You're coming off two works of nonfiction, how did you switch gears to write Nashville Chrome?

It was a welcome return. Fiction is harder for me than nonfiction—more gratifying, as a result, when it succeeds—and it was nice not knowing what the end of the story, or, indeed, any one scene, would be, but to instead be able to focus only on trying to write pretty scenes, images, passages. To try to find the beauty that surely existed in their lives, even in the hard times of the fame they sought so diligently, and which—briefly—they reached.

You're known as an environmentalist. How do you see Nashville Chrome in relation to your books about the natural world?

The natural world is the only one we have. To try to not see the natural world—to put on blinders and avoid seeing it—would for me seem like a form of madness.

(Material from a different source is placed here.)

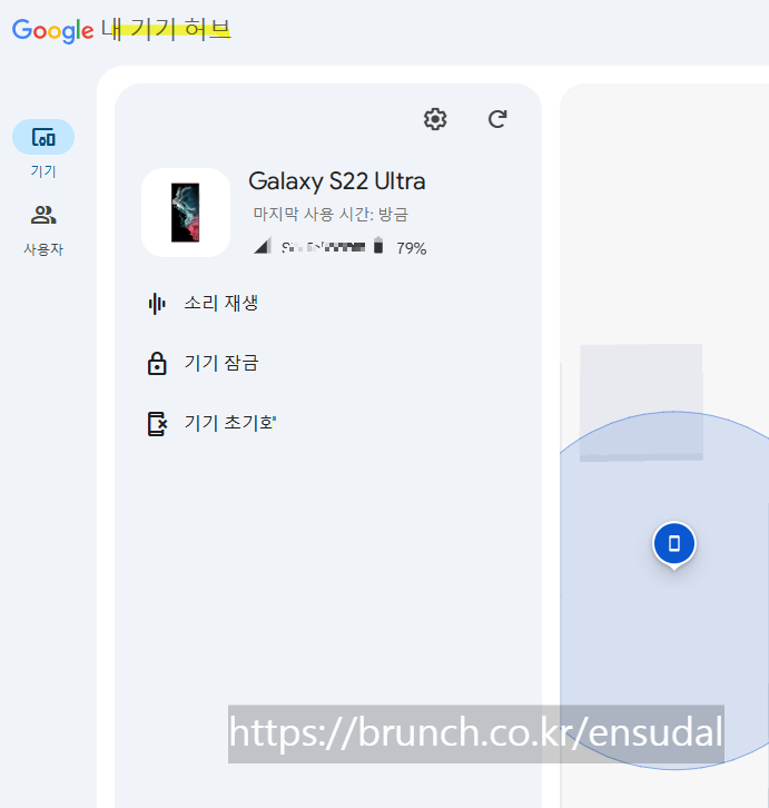 혹시나 싶어 구글에 로그인해서 '내 기기 찾기' 기능을 활용해 보았다.

I’m also interested in the way landscape shapes individuals and populations, and from that, cultures.

There is also a contemporary angle to the story--why did you decide to write about Maxine Brown in the past as well as the present?

I’m simply amazed by how much burning the human body—and soul—can withstand. Maxine has had over 20y major operations, has been forgotten for 60 years, and still flames incandescent in her hope and hunger for the return of fame. Without meaning to judge it, I think it’s a phenomenal thing to observe, and to be awed by, while perceiving also the costs.